A deep breath

Yesterday was a day of breakdowns. It started with a phone call from my family doctor’s nurse. She was giving me an update on something totally unrelated to cancer, but all I wanted was the results of my bone scan. She confirmed that the results were in but could not give them to me until the doctor saw them and he was on vacation until Monday. I broke down. There was no way I was going to wait another several days with no information. Knowing that the information was there, but not having access to it was more than I could handle. Three weeks of stress cracked, and the tears started flowing.

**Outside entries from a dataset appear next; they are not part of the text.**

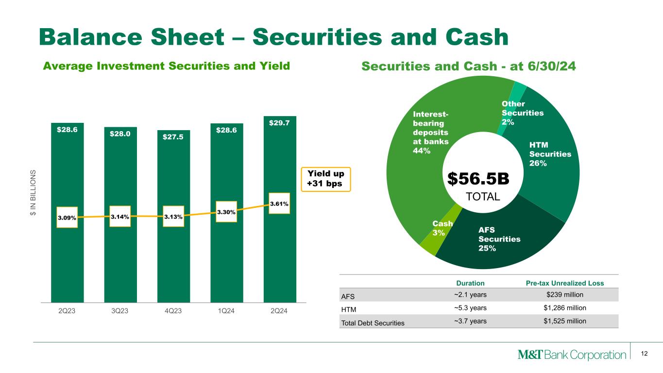 11 Balance Sheet – Average Loans QoQ Drivers Average loans +$792 million or +1% QoQ: • C&I loans increased +2% (+$1.3 billion), driven by continued growth spanning most industry types • CRE loans declined -4% (-$1.2 billion), reflecting continued low origination activity and paydowns as we continue to manage our CRE concentration • Residential mortgage loans decreased -1% (-$130 million), largely reflecting pay downs in the held-for-investment portfolio • Consumer loans rose +4% (+$829 million), driven by growth in recreational finance and indirect auto $ IN B IL LI O N S $54.5 $54.5 $55.4 $56.8 $58.1 $34.9 $34.3 $33.5 $32.7 $31.5 $23.8 $23.6 $23.3 $23.1 $23.0 $20.3 $20.2 $20.6 $21.2 $22.0 $133.5 $132.6 $132.8 $133.8 $134.6 6.02% 6.19% 6.33% 6.32% 6.38% C&I CRE Residential Mortgage Consumer Total Loans Total Loan Yield 2Q23 3Q23 4Q23 1Q24 2Q24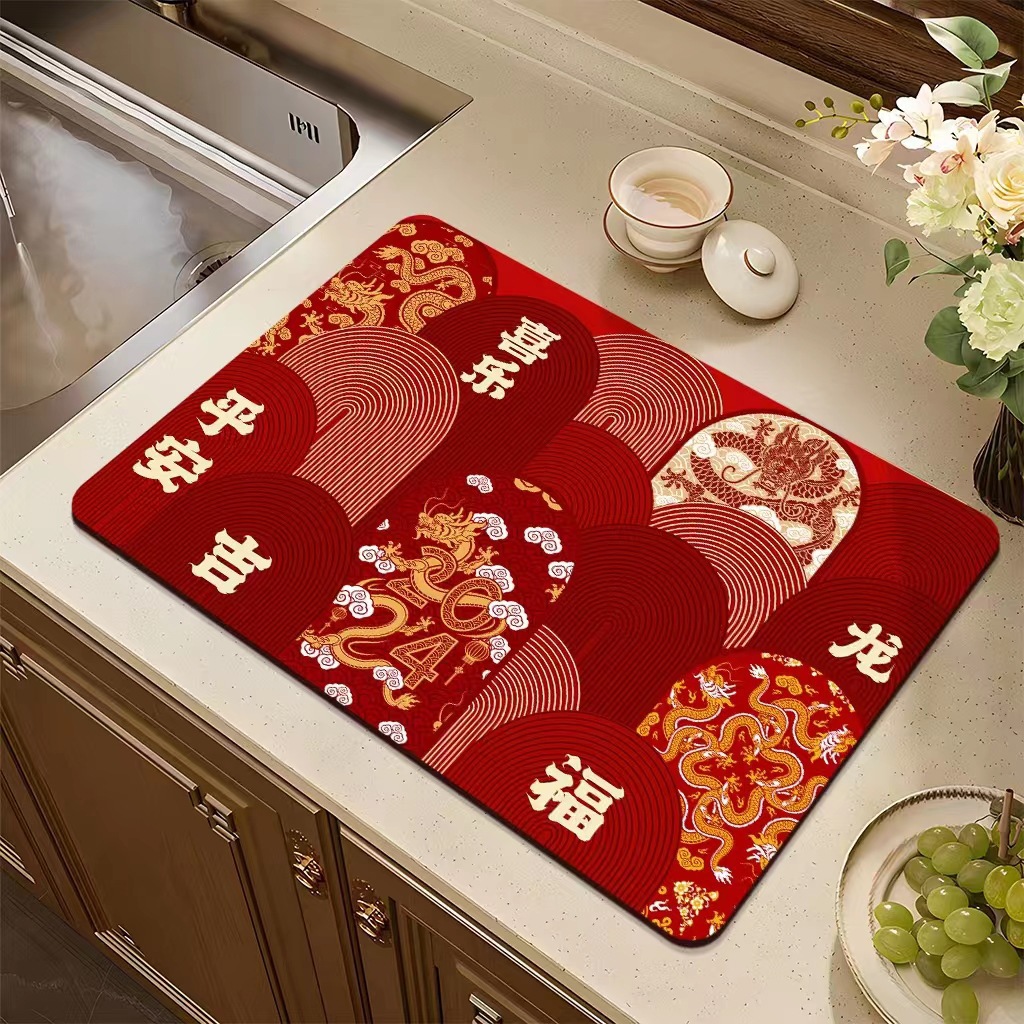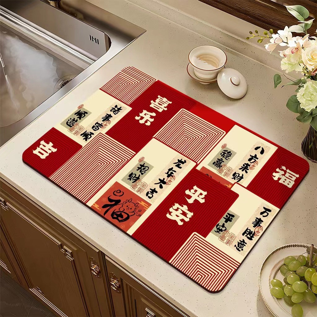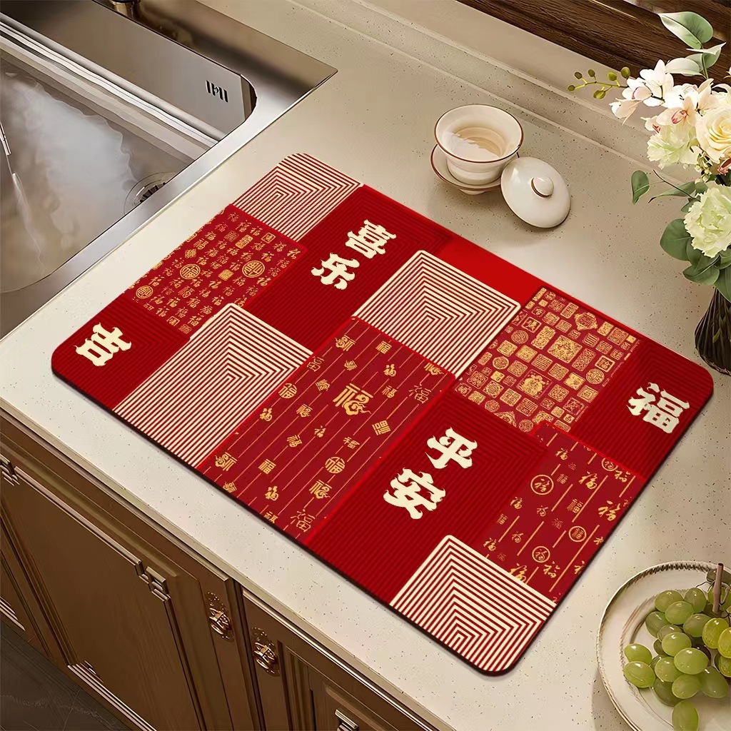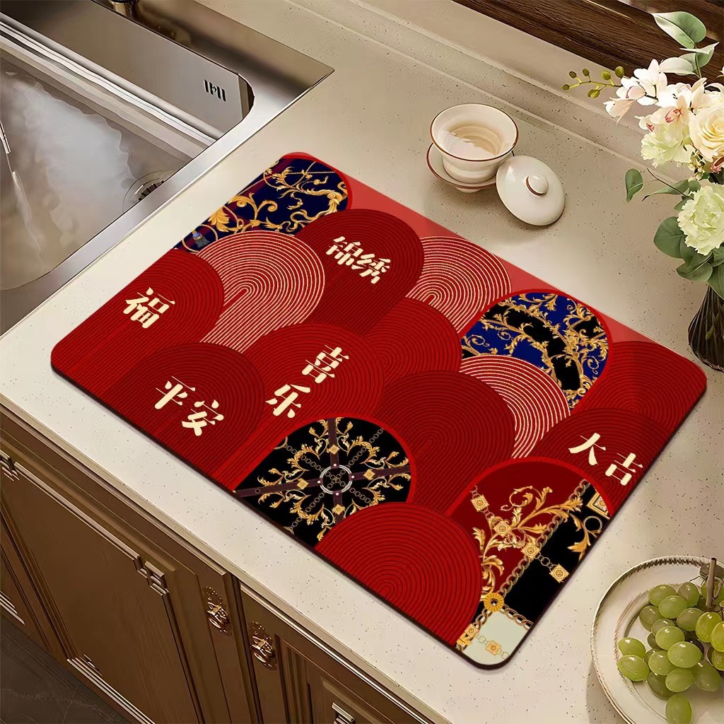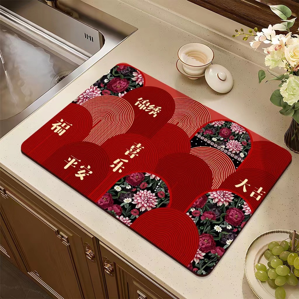 집들이 축제 과일 플레이트 diatom 진흙 매트 재떨이 매트 주방 배수 매트 식탁을 움직이는 붉은 장식 매트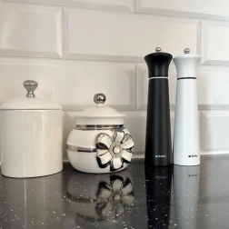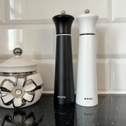 Vďaka premyslenej konštrukcii sa mlynčeky pohodlne plnia odskrutkovaním horného gombíka a vrchnej časti. Matný povrch v čiernej a bielej farbe sa hodí do každej kuchyne a ľahko sa udržiava – stačí ich utrieť suchou handričkou. Skvelý tip na štýlový darček pre milovníkov varenia.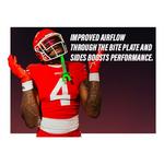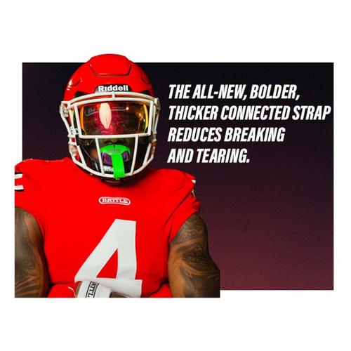 The all-new, bolder, thicker connected strap reduces breaking and tearing, giving athletes more confidence on the field. Improved airflow through the bite plate and sides boosts performance. Premium quality and striking branding come elevated with the Speed Pro.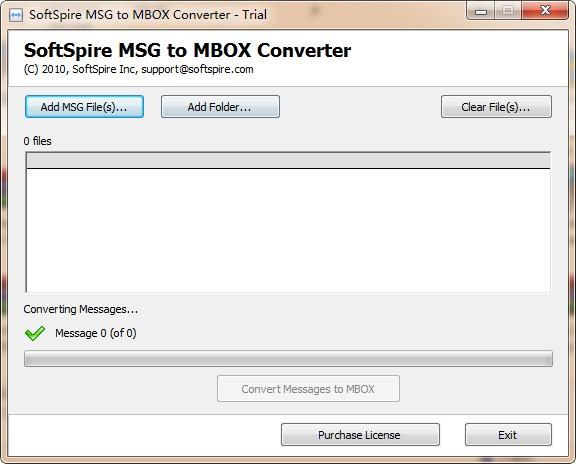 SoftSpire MSG to MBOX Converter最新版是一款专业高效且作非常简便的MSG到MBOX 转换器, SoftSpire MSG to MBOX Converter最新版够帮助您把MSG转换为MBOX文件格式,SoftSpire MSG to MBOX Converter版作简便以上有拥有易于使用的图形界面,使任何非技术人员都可以使用。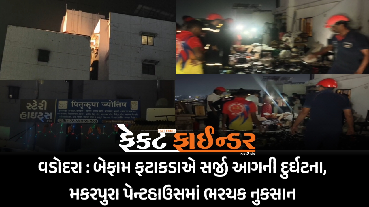 વડોદરા : બેફામ ફટાકડાએ સર્જી આગની દુર્ઘટના, મકરપુરા પેન્ટહાઉસમાં ભરચક નુકસાન

Then just as I was leaving a physio appointment, I ran into my friend who happens to also be a family doctor in that clinic. I hate asking her for favours that involve her work. I like to keep our relations on the friend level and try to respect boundaries. Upon seeing her, I broke out into tears and explained what what happening. She gave me a hug and said she would find out who was covering for my doctor and get me an answer that day. I went home waiting for the phone call.

After lunch, I went back to site to continue painting – I’m painting the ceilings in my unit – which is so exciting after painting ceilings and walls in so many other units – my new home is finally at that stage of readiness. As I was setting up, I got the call. It was the nurse again. She confirmed that the results of the bone scan showed “no evidence of metastatic disease”. That is how they say it was clear! YAY.

I immediately began to cry. I had no idea how afraid I was. I had no idea how much emotion I had been suppressing. I went over to share the news with some of my new neighbours and friends. There were lots of hugs and lots of crying. So much emotional support. Exactly what I needed. What a relief.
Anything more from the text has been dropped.